Li took control of the day to day running of China's government on Friday, a day after Xi Jinping was handed the title of President, completing China's once-in-a-decade transition of its two top leaders.
The press conference will be a rare chance for foreign media to scrutinise Li, as high-ranking Chinese politicians normally maintain strict secrecy and rarely give interviews to non-official media.
The event will be closely watched for any indications of which economic reforms Li may seek to promote, as well as for declarations of action on official corruption and vows on political reform.
China's leaders have come under fire in the last year after reports, suppressed within the country, that the families of top politicians including Xi have amassed huge wealth, but have not vowed to make their assets public.
Li's own brother Li Keming is deputy director of China's State Tobacco Monopoly Administration, which runs and regulates the firm that controls around 98 percent of the cigarette market in the country. China has more than 300 million smokers.

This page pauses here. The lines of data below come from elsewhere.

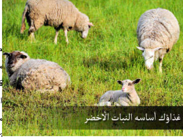
غذاؤك أساسه النبات الأخضر

قرأت مرة كلمة يقول كاتبها : إن أعقد معمل صنعه الإنسان من دون استثناء لا يرقى إلى مستوى الورقة، ماذا يتم في هذه الورقة؟ كما قلت قبل قليل: النبات يمتص الماء مع المعادن المنحلة فيه من التربة، والورقة تأخذ الأزوت من الجو، والشمس لها دور كبير جداً في تصنيع نواتج هذه الورقة، الورقة تصنع ما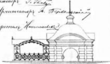
Вид с юга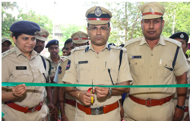
-పోలీసులు ప్రజల శ్రేయోభిలాషులు..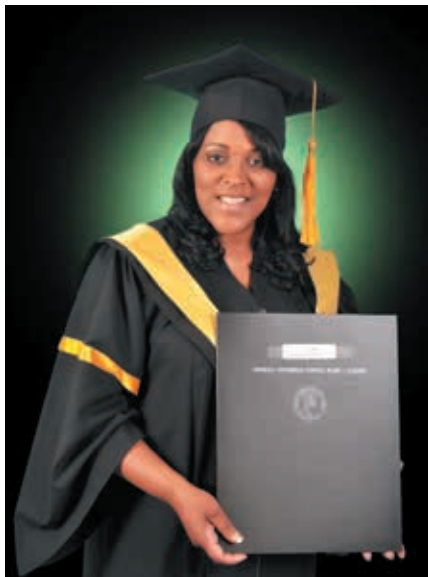
Graduación de su maestría en Gestión Estratégica en la PUCMM.

—Fue entonces cuando inicié la licenciatura en Administración de Empresa. La experiencia me había demostrado que, para continuar avanzando, necesitaba un título. De hecho, en cada ocasión en que fui responsabilizada de un departamento, me preparé antes y durante. Cuando ocupé el Departamento de Recursos Humanos, realicé varios diplomados para entender mejor el funcionamiento de un área tan neurálgica como esa. Asimismo, años después, para ocupar la Gerencia General cursé una maestría en Alta Gerencia, concentración Estrategia, en la Pontificia Universidad Católica Madre y Maestra. Pero no solo yo me he ocupado de mejorar y actualizar mi nivel académico; en la empresa, todos los gerentes han tenido, y tienen, la misma oportunidad. Hemos crecido con la empresa, integralmente.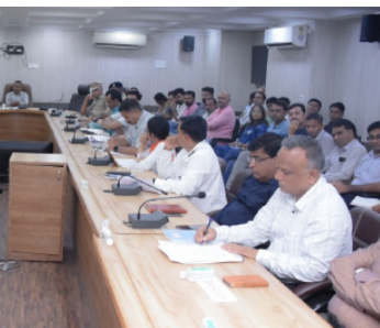
હર ઘર તિરંગા કાર્યક્રમ અંતર્ગત નિવાસી અધિક કલેક્ટરની અધ્યક્ષતામાં ભુજમાં બેઠક યોજાઈ

મુજ તા. ૧૦ કચ્છ જિલ્લામાં ૧૩ ઓગસ્ટ સુધી "હર ઘર તિરંગા" અભિયાન અંતર્ગત "તિરંગા યાત્રા" ના વિવિધ કાર્યક્રમો સાથે કચ્છમાં જિલ્લાકક્ષાની વિશાળ તિરંગા યાત્રાનું ભુજ શહેરમાં આયોજન કરવામાં આવ્યું છે.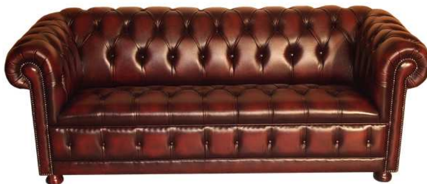
Obr. č. 3 – Dnešní CHESTERFIELD

U Chesterfieldů bývaly běžné krátké soustružené nohy, které obvykle mívaly kolečka. Mohu říct, že i dnes je pohovka stylu Chesterfield velmi krásným a skvostným kusem nábytku.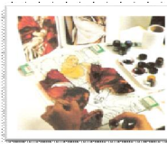
กระจกลงสี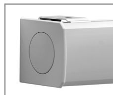
Aluminiumkassette aluminium natur-eloxiert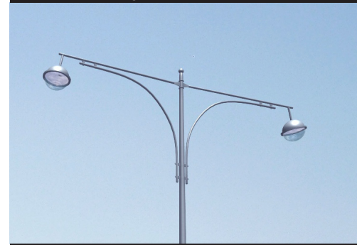
▲ Lampendesign Herstellervorlage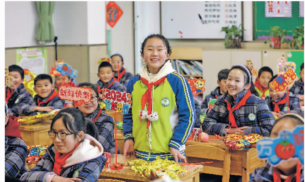
2月26日,贵州师范大学贵安新区附属小学学生在分享春节与家人游玩的喜悦。

本报讯 2月26日,贵安新区3.8万名中小小学生迎来新学期。有关部门和各学校提前准备,精心组织,确保开学安全有序,让学生们快乐上学。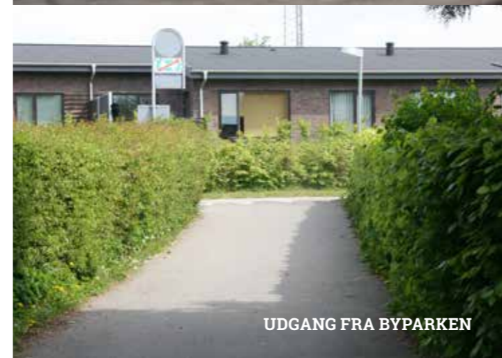
UDGANG FRA BYPARKEN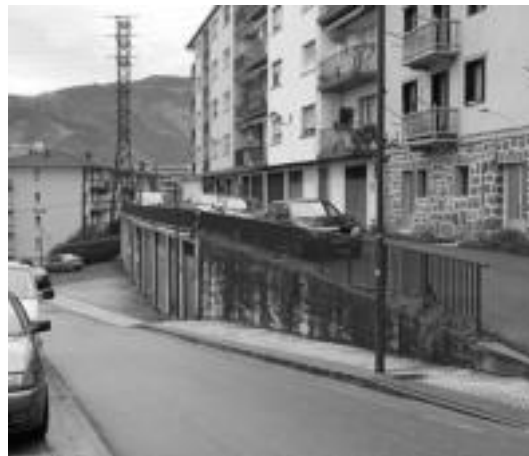
Julian Gaiarre kaleko traba arkitektonikoak kenduko dituzte. R. CALVO

Lanak datozen hilabeteetan gauzatuko dituzte eta gune honetako auzokideen bizi-kalitatea nabarmen hobetuko da Udalaren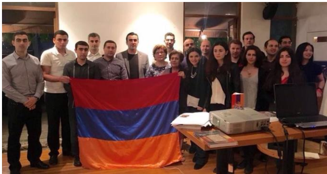
Չինաստանի Չայկական համայնքը ծանհայում

ՉԻՆԱՍՏԱՆԻ ԶԱՅԿԱԿԱՆ ԶԱՄԱՅՆՔԸ ՑԵՂԱՍՊԱՆՈՒԹԱՆ 101-րդ ՏԱՐԵԼԻՑԻՆ ՆԿԻՐԿԱԾ ՄԻՋՈՑԱՌՈՒՄՆԵՐ ԱՆՑԿԱՑՐԵՑ ՉԻՆԱՍՏԱՆԻ ՄԻ ԾԱՐՔ ՔԱՂԱՔՆԵՐՈՒՄ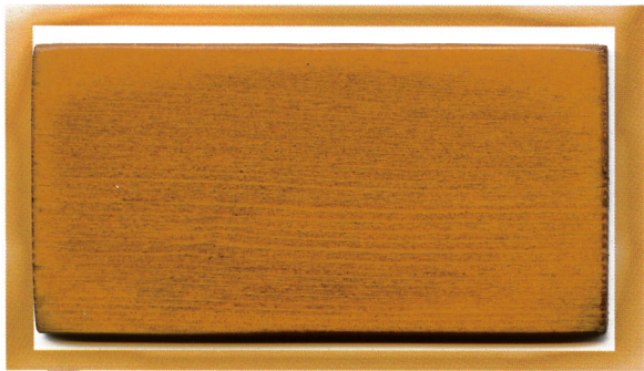
темный орегон dark oregon pine 809

Материалы по древесине (сосна) атмосферостойкие, светостойкие для окраски фасадов и оконных блоков.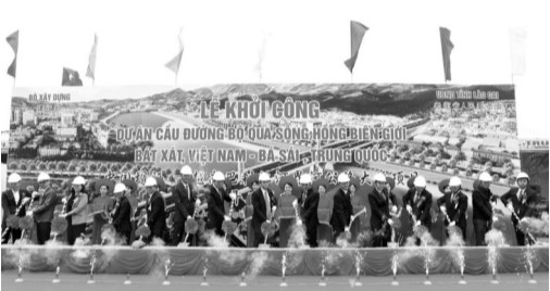
● Công trình là dự án quan trọng, có tổng mức đầu tư 1.500 tỷ đồng.

Trước đó, năm 2021, cầu Đình nối Kinh Môn (Hải Dương) với Thủy Nguyên (TP Hải Phòng) đã được đưa vào khai thác, góp phần kết nối các QL37, 10, đường tỉnh 389B, 352 và các tuyến đường trong khu vực. Công trình tạo sự liên kết vùng quan trọng, thuận lợi cho giao thương của người dân TX Kinh Môn, các huyện Kim Thành, Nam Sách (Hải Dương), TP Đông Triều (Quảng Ninh) và vùng phụ cận, đặc biệt là với Khu trung tâm Chính trị - Hành chính mới của TP Hải Phòng tại Khu đô thị mới Bắc Sông Cấm. HOÀNG GIANG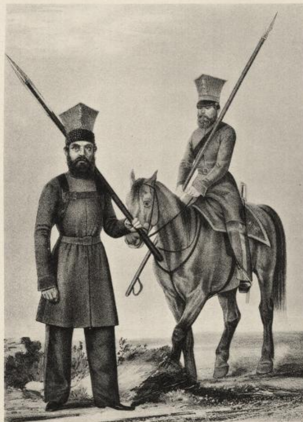
ПЕШИЙ И КОННЫЙ ВОИНЫ Нижегородского ополчения, 1812-1818.

9 декабря 1812 года Нижегородское ополчение в составе 5 пехотных полков и одного конного двинулось на Арзамас. В этом городе проходил смотр войск, а потом все ополчение в составе около 13 тысяч нижегородцев было направлено в действующую армию. Путь ополченцев лежал через Муром, Рязань, Орел - на Украину.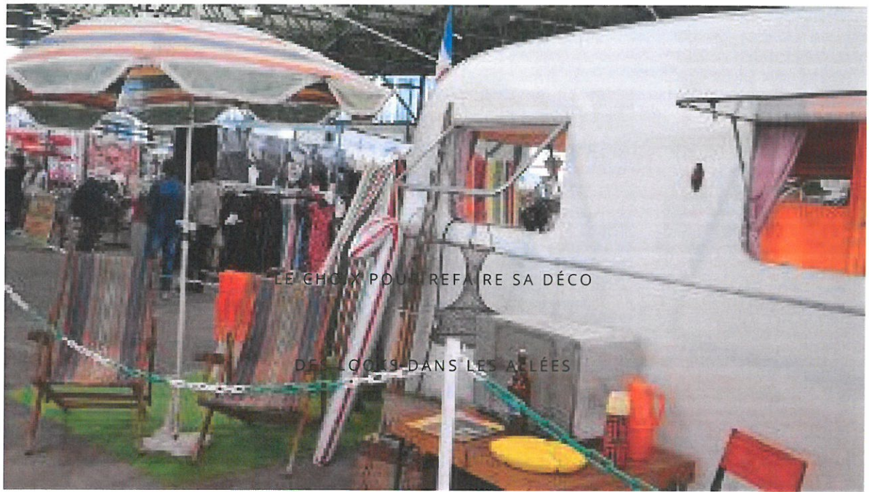
De quoi rappeler des souvenirs au public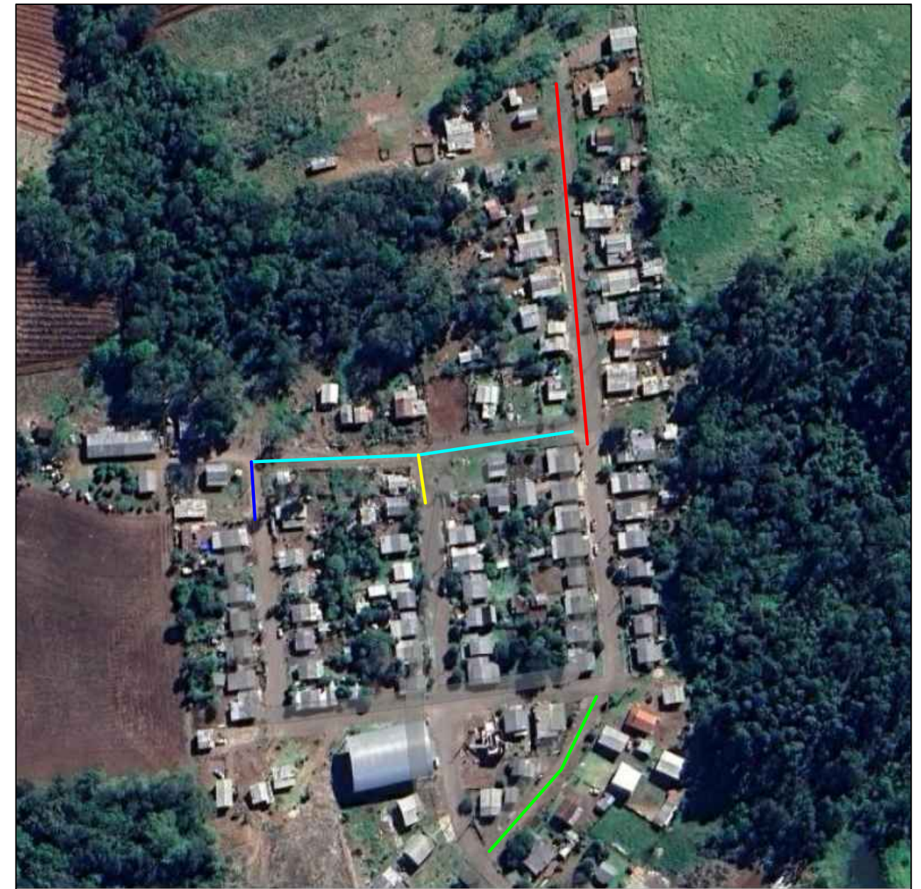
01 Localização s/ escala

Li's answers at the conference are unlikely to depart from the ruling party's consensus view that China needs economic reform to maintain growth, while avoiding political reforms which could threaten its grip on power.
A press conference by the premier, which can last up to three hours, has been an annual part of China's political calendar for more than two decades.

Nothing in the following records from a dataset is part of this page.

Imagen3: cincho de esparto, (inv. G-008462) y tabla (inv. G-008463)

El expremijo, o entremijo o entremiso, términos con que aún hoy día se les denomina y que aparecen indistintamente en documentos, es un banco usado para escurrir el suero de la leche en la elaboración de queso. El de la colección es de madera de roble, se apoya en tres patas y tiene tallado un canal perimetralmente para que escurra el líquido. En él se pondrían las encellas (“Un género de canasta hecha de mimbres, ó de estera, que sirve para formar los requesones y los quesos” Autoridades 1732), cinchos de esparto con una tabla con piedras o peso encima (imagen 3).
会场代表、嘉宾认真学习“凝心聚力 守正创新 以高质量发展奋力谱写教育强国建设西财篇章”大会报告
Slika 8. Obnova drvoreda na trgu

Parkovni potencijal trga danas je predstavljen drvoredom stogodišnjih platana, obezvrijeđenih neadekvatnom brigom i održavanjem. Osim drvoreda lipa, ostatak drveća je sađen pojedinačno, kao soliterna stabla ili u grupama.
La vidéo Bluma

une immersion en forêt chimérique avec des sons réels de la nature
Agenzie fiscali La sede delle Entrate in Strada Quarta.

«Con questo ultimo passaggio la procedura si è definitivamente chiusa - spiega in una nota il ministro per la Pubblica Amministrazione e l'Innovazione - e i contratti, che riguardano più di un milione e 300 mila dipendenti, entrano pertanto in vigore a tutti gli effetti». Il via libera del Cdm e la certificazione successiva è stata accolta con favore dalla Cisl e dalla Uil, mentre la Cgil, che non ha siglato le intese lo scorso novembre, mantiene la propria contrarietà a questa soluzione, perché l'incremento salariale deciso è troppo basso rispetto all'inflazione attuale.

Last year the then Premier Wen Jiabao warned the equivalent gathering that China could fall into deadly chaos without "urgent" political reform.
Wen advocated political change during several of his annual press conferences, but such reforms stagnated during his 10 years as premier, while rapid economic growth saw China become the world's second largest economy.
A career bureaucrat who speaks fluent English, Li, 57, has a more youthful bearing than his stiff party peers, and has voiced support for the kind of economic reforms many experts say China sorely needs for continued growth.
Li's real power comes from his position as number two in China's ruling Communist Party, and he needs to win the support of other top officials, including Xi, to exert political influence.
Analysts say that his lack of close allies in the Communist Party's top decision-making body means that he will struggle to push through reforms.
The conference will come after the official closing of China's annual meeting of the National People's Congress, a rubber stamp parliament which this year passed measures including the abolition of China's scandal-hit railways ministry.